Posted on 2007.08.13 at 21:42
Hello, there. Again I resurface. If you are a reader of my regular life LJ, you'll know that the grad school wiped me out completely, and I haven't been doing much of...well, anything... lately. Catching up on TV shows I never watched before, mostly (Farscape? AWESOME)

Anyway, I taught a class on Roman Women's underwear at Pennsic. I had over 20 people, and I know, because I only brought 20 handouts. I suspect that a decent handful of those came i because it was thunderstorming and the tent was dry(ish), but everyone seemed to have fun (including my very own peanut gallery).

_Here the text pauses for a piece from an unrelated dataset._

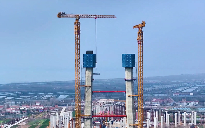 大橋主墩建設是整座大橋順利完工的“壓艙石”,大橋北主塔高度211.75米,采用主塔鋼筋部品整體吊裝。作為徐工超大塔中的明星產品,兩臺徐工XGT2230A-100S扛起大橋北主塔的施工重任。
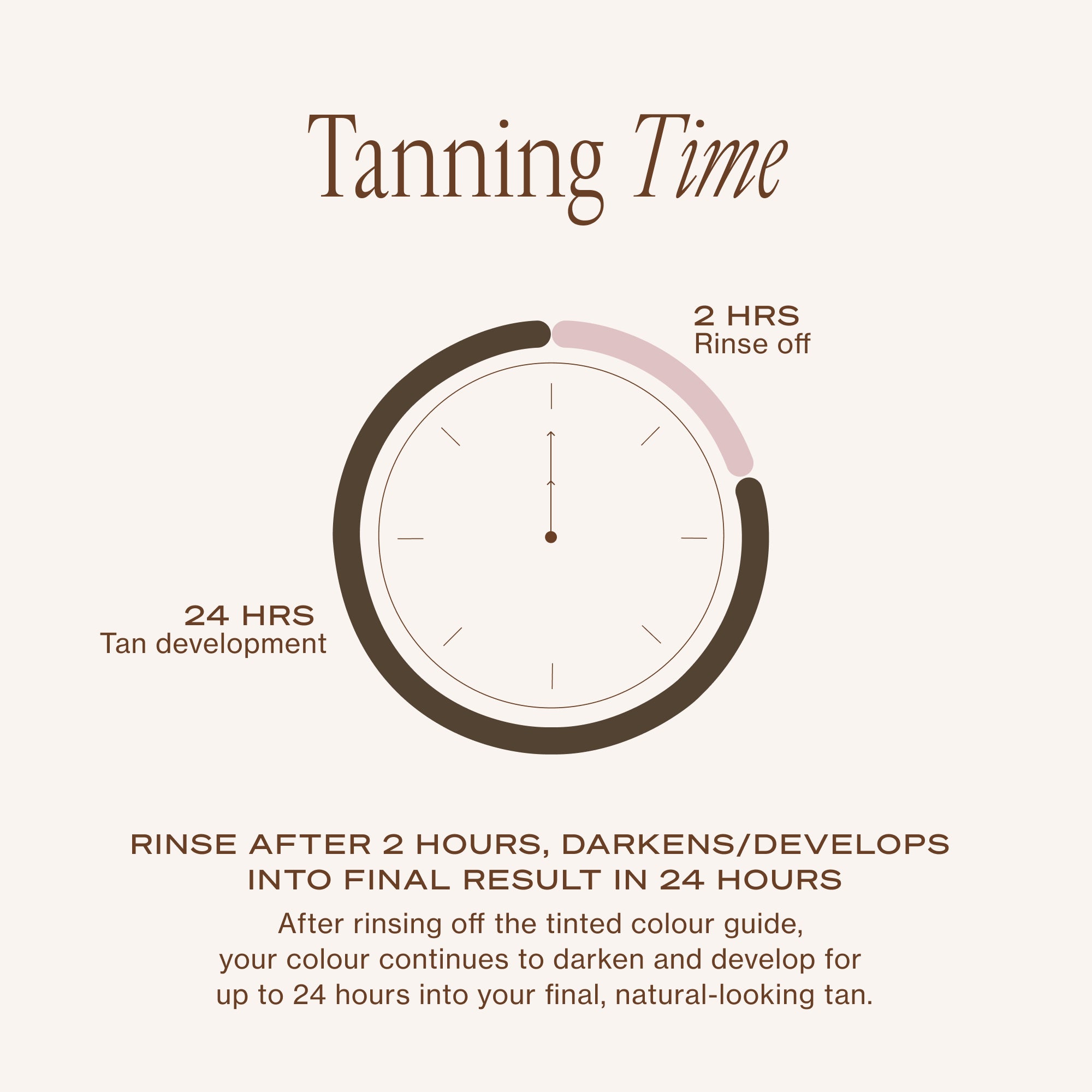 You will see visible results after rinsing off the tinted colour guide after two hours. The active tanning ingredients will continue to develop your final tan into a deeper, natural shade over the next 24 hours.

I started off by talking about panties, and how I didn't think it was de reguer wear for women during the roman periods. There are a handful of images of women in the process of getting undressed and they are not wearing underpants. It is the opinion of that underpants for women is a recent development, and while there might be a strap/loincloth method for menstruation, as a rule, they were not worn. (as a practical experiment I went without one night, and was perfectly comfortable.)

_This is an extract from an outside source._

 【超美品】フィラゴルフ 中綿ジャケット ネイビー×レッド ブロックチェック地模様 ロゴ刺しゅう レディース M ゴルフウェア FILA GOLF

Someone asked about chaffing and honestly, modern panties don't help with the thigh chaffing thing, so you either use powder, or just get used to it.

We talked about the Museum of London bikini briefs (and honestly, that's what the MoL calls them, and who am i to argue with them? Nobody, that's who.) and how I (and the MoL think they are acrobatic wear, and used to cover up bits when nothing else (like clothing) was covering them.

So that took like, five minutes.

And then we got to the meat of the class- how to make and wear a strophium. I wore a chiton that I could uunclasp at the shoulder, and tied a linen stropium over a tank top so they could see it on without compromising my modesty (ha). so mostly I stood there and talked with my dress hanging off my waist. it was awesome.

Before I went to Pennsic, most of my strophia were made with muslin, because it was cheap and I am poor. HOWEVER: you get what you pay for in bras and shoes, and this is true in strophia as well. I made a couple of linen, and one in summer weight wool and wool flannel. And I gotta tell you, the wool ones? MOST COMFORTABLE EVER. (Wool is by far the most common fabric found in the Roman world. It is not even a stretch to say that the majority of women wearing a strophium would be wearing one made of wool.)

The wool is not itchy, because it's tied tightly, and doesn't move (or shouldn't). It stretches, and holds things in, and it wicks away sweat (the linen ones do not do this much, and the muslin ones NOT AT ALL). I did not have any problems with brusing on my ribs. For a cold Crown tourney, this is gonna be a good thing.

i demonstrated how I tied them (In the front) and how I'd arrived at that (I tried tying them in the back, and that was a fail, tucking the ends in, and that was an epic fail, and pinning, but that places a lot of stress on a few points in the fabric, and didn't hold well). Someone asked about the center seaming I had in the one I was wearing and that's simply because the fabric was too short to go around.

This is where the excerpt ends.